白翌漫不经心地继续微笑:“放心,基本没有什么危险,你不是答应要帮助人家了么,怎么现在要你出力,你就蔫了?”
我一听这话,立马瞪了他一眼,抬高声音道:“我怕什么,有什么事尽管说,既然答应了,就一定会做到!否则我‘安’字倒着写。”
白翌看着我摇头笑了笑说:“兄弟,这是你说的,到时候别反悔!否则你名字以后写起来就复杂了。”

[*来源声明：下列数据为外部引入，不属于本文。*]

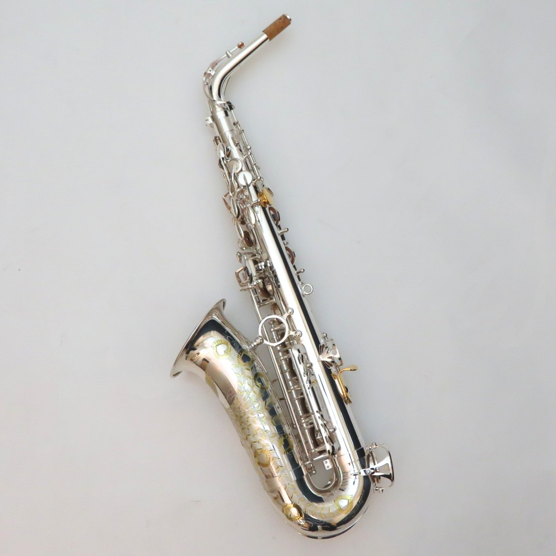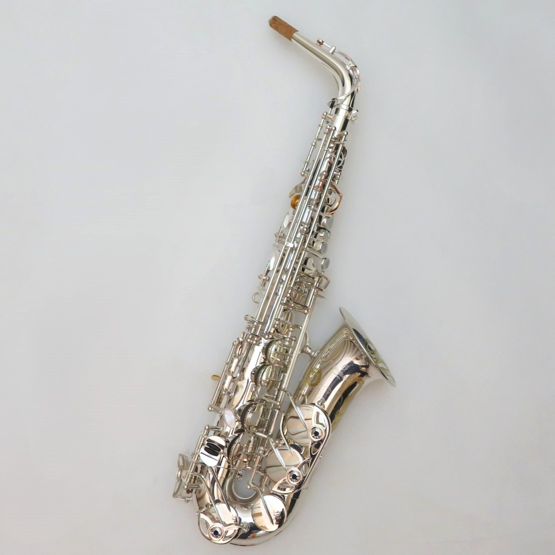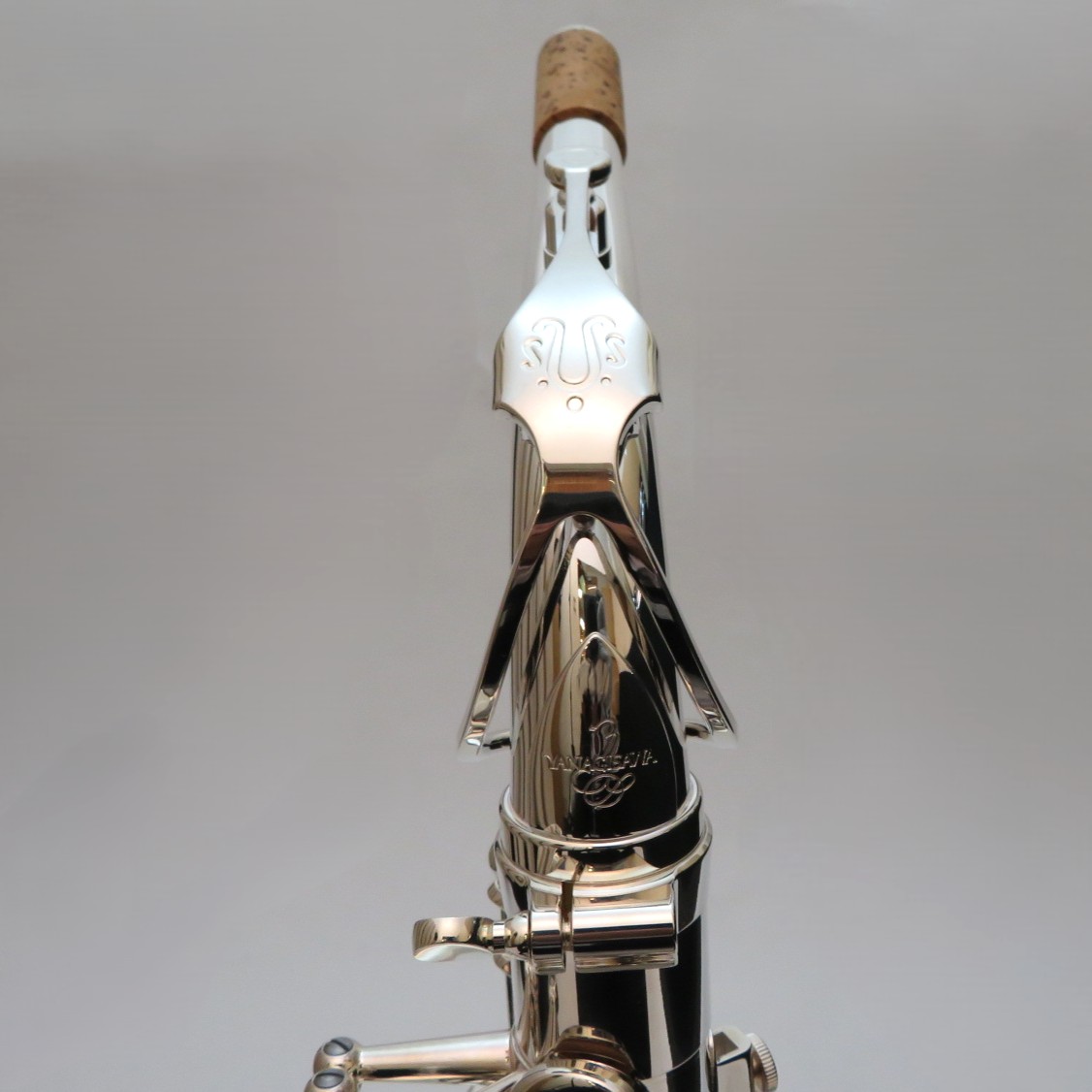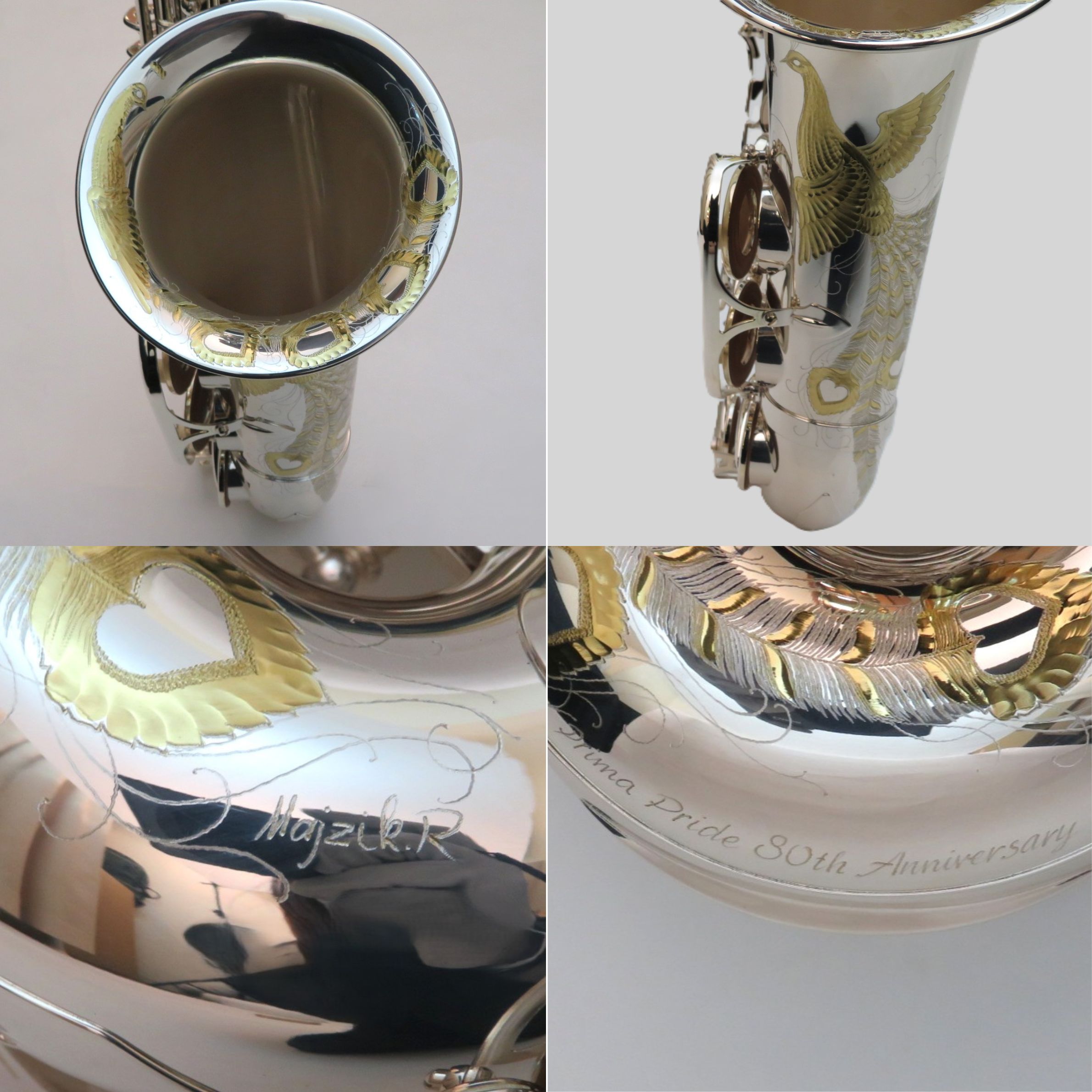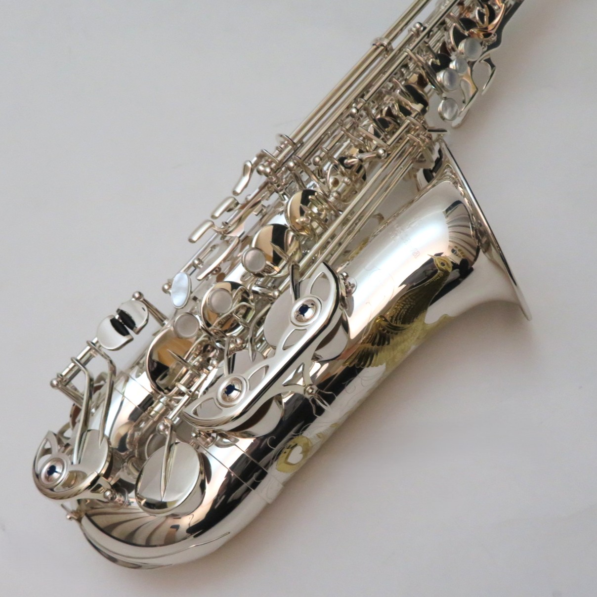 ■仕様:E♭、High F#キー付、ネック:スタンダード・スタイル(ブラス製銀メッキ仕上)、管体:ブラス製銀メッキ(ベル:1番管のみ銀メッキ クリアラッカー仕上)、グラヴィール彫刻入、キーSP、フロントFキーPGP、サムの魔法使いGP、ダブル・アーム・キー、キーガード止めネジ:切削マイナスネジ、高気密防水タンポ+メタル・ブースター

我看也不看他那副嘴脸,这人就喜欢耍嘴皮子,在别人那里装深沉、有内涵,在我面前就一毒嘴小人!我没好气地白他一眼道:“说吧,这次是要我去拿什么东西,还是要我去见什么人?我安踪皱下眉头,就不是爷们!”
白翌笑着拍拍我的肩膀,点头说道:“好样的,就看你表现了。我算了下日子,再过两天就是下弦月,那个时候就是咱们解决问题之时,我去给赵芸芸打电话。”说完他又饶有深意地看了我几眼,我感觉他的眼神闪烁着一种邪恶的光芒,“jian诈”仿佛就是为他而造的词,我咽了下口水,不由自主地倒退好几步,他嘿嘿地笑出声说:“就看你表现了。”
我过了几天忐忑不安的日子后,终于到了再一次和赵芸芸碰面的时候。此时她比以前更加瘦了,感觉像是一个得了绝症等死的人,但她的眼中还闪烁着对活的渴望。大多数人对生的渴望无论到了何时都不会有任何减少,即使在闭眼的前一刻,许多人仍然盼着能活下去。所以赵芸芸一看到我们,马上就靠过来,然后激动地说:“太好了,你们终于来了!你们找到办法救我了么?这几天如果没有白先生你的香,我现在一定已经死了。”